_EXERCISE:_ From the records below, please print only the lines from the one containing "Adore Me Women's" through the one containing "Close-up view of", both included. Skip the pictures.

_RECORD SET:_
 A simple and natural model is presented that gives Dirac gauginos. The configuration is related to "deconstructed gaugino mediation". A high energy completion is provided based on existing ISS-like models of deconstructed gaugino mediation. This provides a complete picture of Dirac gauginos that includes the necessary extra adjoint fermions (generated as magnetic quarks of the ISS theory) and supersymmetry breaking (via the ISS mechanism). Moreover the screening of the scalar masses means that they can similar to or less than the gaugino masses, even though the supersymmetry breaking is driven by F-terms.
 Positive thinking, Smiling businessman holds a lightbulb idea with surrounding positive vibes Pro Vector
---
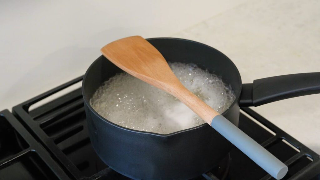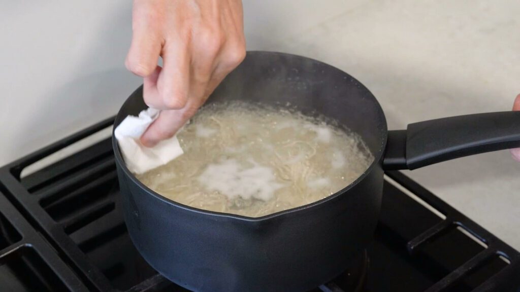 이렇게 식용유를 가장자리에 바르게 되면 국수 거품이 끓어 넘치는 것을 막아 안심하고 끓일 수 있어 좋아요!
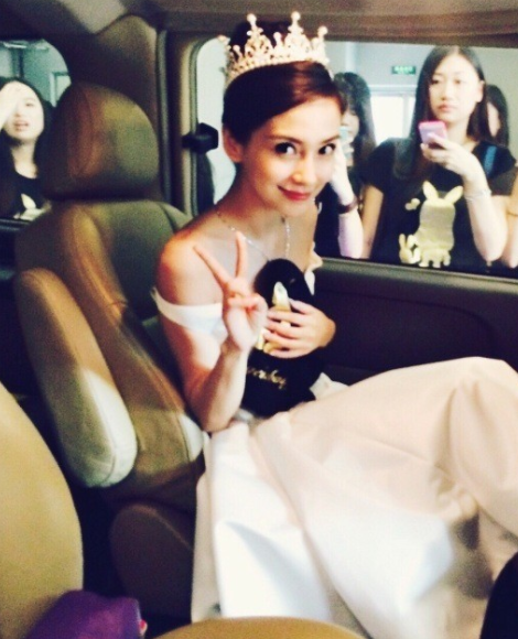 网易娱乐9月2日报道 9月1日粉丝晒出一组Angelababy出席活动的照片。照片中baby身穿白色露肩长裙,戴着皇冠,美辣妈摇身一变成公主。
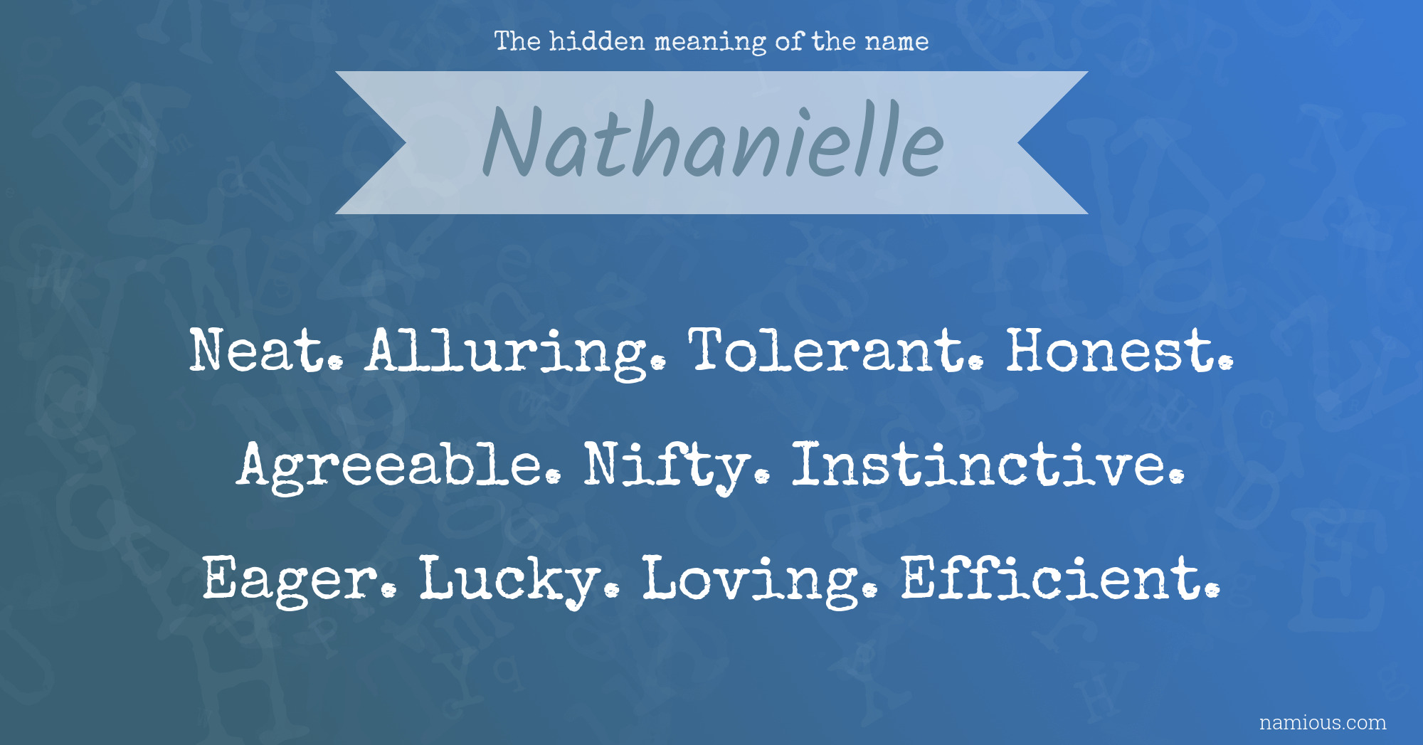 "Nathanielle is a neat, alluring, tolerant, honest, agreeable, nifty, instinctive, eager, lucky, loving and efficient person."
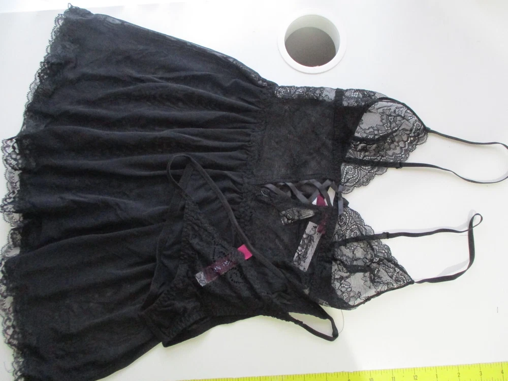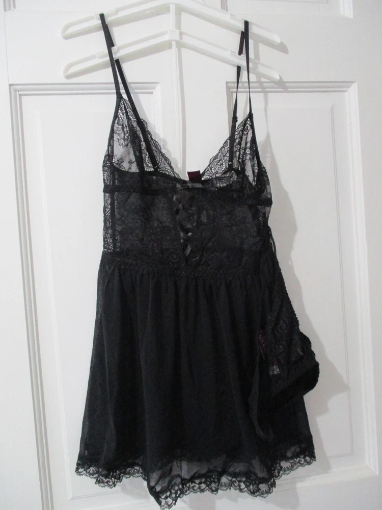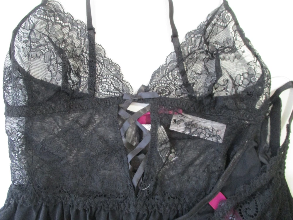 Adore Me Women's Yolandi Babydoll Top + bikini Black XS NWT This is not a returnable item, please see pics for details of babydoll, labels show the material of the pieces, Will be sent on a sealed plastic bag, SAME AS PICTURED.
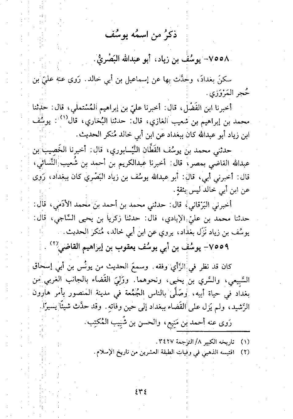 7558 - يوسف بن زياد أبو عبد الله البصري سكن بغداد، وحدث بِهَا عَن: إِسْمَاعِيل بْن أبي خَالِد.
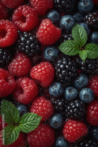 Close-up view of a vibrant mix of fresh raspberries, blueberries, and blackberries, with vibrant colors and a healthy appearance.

_RESPONSE BOX:_
 Adore Me Women's Yolandi Babydoll Top + bikini Black XS NWT This is not a returnable item, please see pics for details of babydoll, labels show the material of the pieces, Will be sent on a sealed plastic bag, SAME AS PICTURED.
 7558 - يوسف بن زياد أبو عبد الله البصري سكن بغداد، وحدث بِهَا عَن: إِسْمَاعِيل بْن أبي خَالِد.
 Close-up view of a vibrant mix of fresh raspberries, blueberries, and blackberries, with vibrant colors and a healthy appearance.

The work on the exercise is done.